Eventually they did, and the views in most directions made it pretty clear why lots and lots of people want to live here.


I walked through the brush (I'm in a suit, but no tie, and tennis shoes) and found myself on a deep back nine hole, greeted by five rabbits.  Three stuck around for a photo.


They seem to live a good life, these guys.  I saw about a hundred as I made my way back to the hotel.  Not tame, exactly, but they didn't seem to regard me as a predator.  Which I'm not.  Unlike some of the golfers... there was one who had hit way too close to another group, said the sun was in his eyes, he was sorry, but the targets were unforgiving.  So he yells, "If you can't accept my apology then kiss my ass!"

I'll take the rabbits.

Tuesday, July 26, 2011

Waiting for Insight

OK in the last ten days I've motored 1500 miles, checked out the Atlantic, walked New York City when it's over 100, and flown West and checked out the Pacific.  Confronted stacks of paper, dealt with a few, ignored many, and embarked on the usual resolutions.  Done the right things, done some things I'm not sure are right, opened doors, closed none.   In other words, vacation, of a kind, with a bunch of work mixed in, and a few moments, a few new hopes.

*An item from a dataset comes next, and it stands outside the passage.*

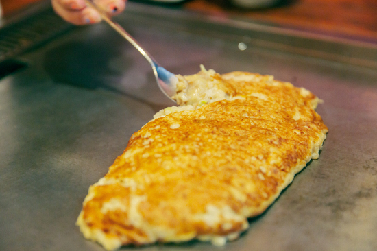 昭和61年創業「喃風」(なんぷう)の、どろ焼き。たこ焼きのどろどろとした生地を鉄板に流し、具材を入れてふわふわと、オムレツのような形に仕上げる。和風だしにつけて味わい、後味はあっさり。お好み焼きや焼きそばなど、こってりとしたソース味の鉄板焼きが当たり前の姫路で評判を呼び、姫路名物と言われるように

Great barreling insight doesn't come with this, whether asked peacefully or frantically... do we ever really change?  Only when we pull ourselves by the scruff of the neck, and is that a change, or did it always take scruff-pulling, and that's no change.

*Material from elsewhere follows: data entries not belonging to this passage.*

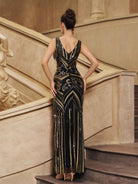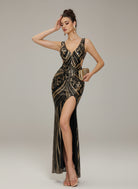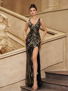 Gold Sequin Graphic Split Cocktail Dress GM00930
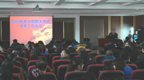 2015年12月17日下午,本学期期末考试考务工作会议在第一教学楼六楼报告厅召开。出席此次会议的领导有:煕莹副校长、教育质量监督办公室李博主任。学生处、各学院、监督办参与期末考试巡考组的有关领导、教务处工作人员和全体监考教师共400余人参加了会议。...
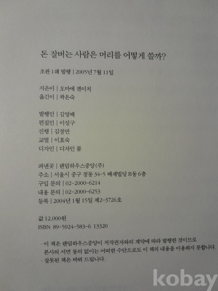 [ 돈 잘버는 사람은 머리를 어떻게 쓸까? ] 두뇌 회전법 / 오마에 겐이치
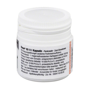 - Sollten ungewöhnliche Magen-Darm-Beschwerden oder Änderungen im Beschwerdebild auftreten, sollten Sie diese als Vorsichtsmaßnahme von Ihrem Arzt untersuchen lassen, um die Möglichkeit einer Schädigung des Darmes auszuschließen. Dies betrifft besonders Patienten, die täglich über 10 000 Ph. Eur.-Einheiten Lipase pro kg Körpergewicht einnehmen.
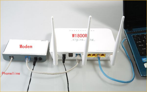 Connect the modem to the blue port of the router, then connect the router to your computer by a cable as the following picture.

Life just opens up, day by day, and closes down, day by day.  A guy I liked, a banker, my age, fought cancer as I did, but yesterday he lost.  Or, the last day and threshold came to him sooner than to me, which you can treat as a loss or not.  Goodbye Bob.  Hello San Diego, today, and hello to the rest of my days.

Saturday, July 09, 2011

Ring Finger, Left Hand

Maybe I read the wrong stuff, but I don't see much about this principal custom of our tribe: the "I'm Married" sign that people wear, all the time.

Mostly women, I notice.  Men, not so much, and those who do have a faint aroma of Ashley Wilkes.

But women really do do it, not just a band but almost always a big-ass engagement ring along side.  And I am probably delusional, but even now, and for my whole adult life, I've think I've had it waved at me.  Usually subtly,  a re-crossing of hands.  See there, buddy boy.  I'm married, and back off.

I get it with flight attendants, who must spend their lives being hit on.  But what is it with all the rest of the babes out there?

C'mon.  I'm married too, and I'm not on the prowl.  Am I staring?  Maybe, if you are gorgeous; it's a genetic thing.  But most of you, my dear ladies, are not gorgeous.  You are, however, women.  Which to me makes you presumptively interesting to talk to.  At this age and body mass that's about all my eye contact means.

I really don't get it.  Why do women - so many of whom are so fiercely independent in all other respects - want to parade their marital status at all times?  Is it really just to fend off the creeps?

Why isn't there a movement of cool women who don't want to be Melanie Wilkes?

Monday, July 04, 2011

Patriotic

I think of myself as a pretty steady Eddy, but when it comes to

Lump In Throat At National Anthem vs.
Patriotism Is The Last Refuge of a Scoundrel,

I swing back and forth.

Or maybe I'm a scoundrel, so I'm patriotic, so it all fits.

Hooray the Fourth.  Time to go light a fuse.